→ **EXERCISE BRIEF**
Please reproduce all the data exactly as written and omit the pictures.

→ **DATA SEGMENT**
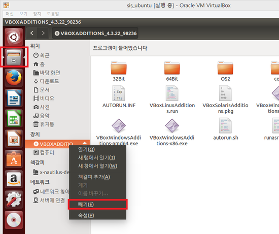 이 경우 내 폴더-VBOXADDION 에서 마우스 오른쪽 키해서 “빼기(Eject)”해준다.
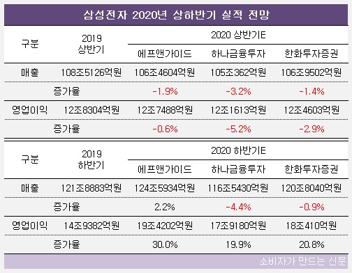 최근 일주일 이내에 발표된 증권사 전망치에 따르면 삼성전자는 올 상반기 105조 원에서 107조 원의 매출을 기록할 것으로 전망된다. 전년에 비해 1~3% 감소한 수준이다.
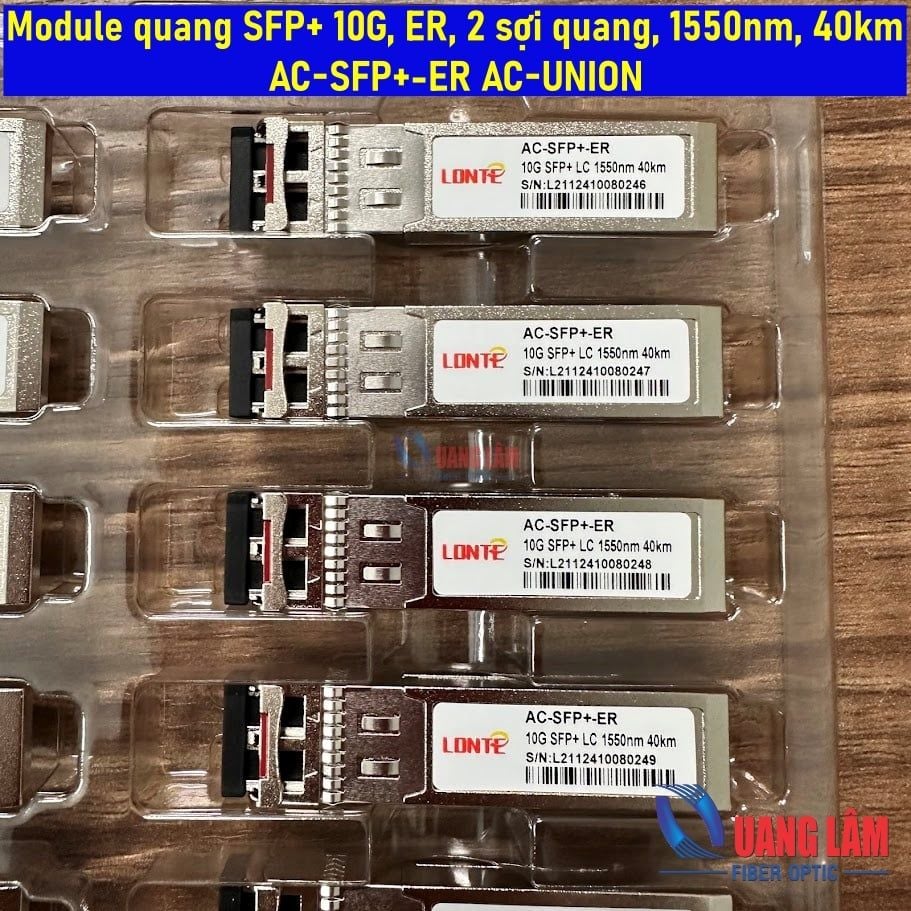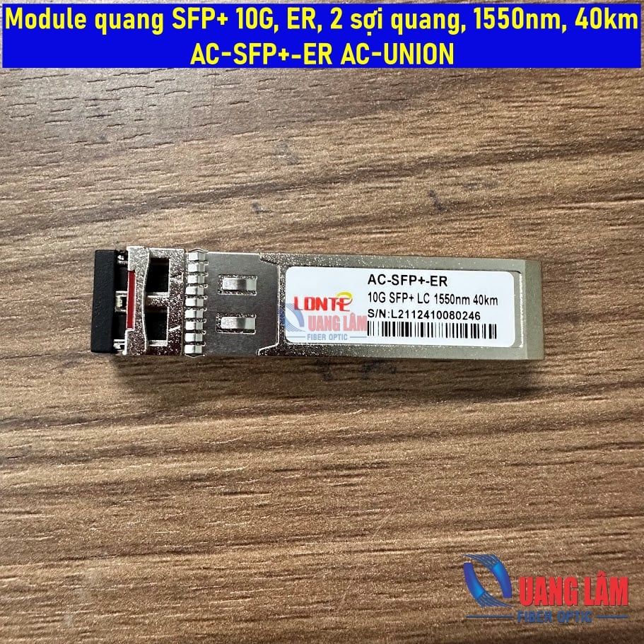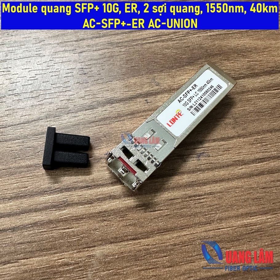 Module quang AC-SFP+-ER là loại SFP+ 10GBASE-ER dùng cho đường truyền Singlemode với khoảng cách tối đa 40km, bước sóng 1550nm, đầu nối LC duplex. Đây là giải pháp phổ biến cho mạng MAN/WAN và hệ thống backbone doanh nghiệp cần truyền tải tốc độ cao trên khoảng cách xa.

→ **RESPONSE TO THE TASK**
 이 경우 내 폴더-VBOXADDION 에서 마우스 오른쪽 키해서 “빼기(Eject)”해준다.
 최근 일주일 이내에 발표된 증권사 전망치에 따르면 삼성전자는 올 상반기 105조 원에서 107조 원의 매출을 기록할 것으로 전망된다. 전년에 비해 1~3% 감소한 수준이다.
 Module quang AC-SFP+-ER là loại SFP+ 10GBASE-ER dùng cho đường truyền Singlemode với khoảng cách tối đa 40km, bước sóng 1550nm, đầu nối LC duplex. Đây là giải pháp phổ biến cho mạng MAN/WAN và hệ thống backbone doanh nghiệp cần truyền tải tốc độ cao trên khoảng cách xa.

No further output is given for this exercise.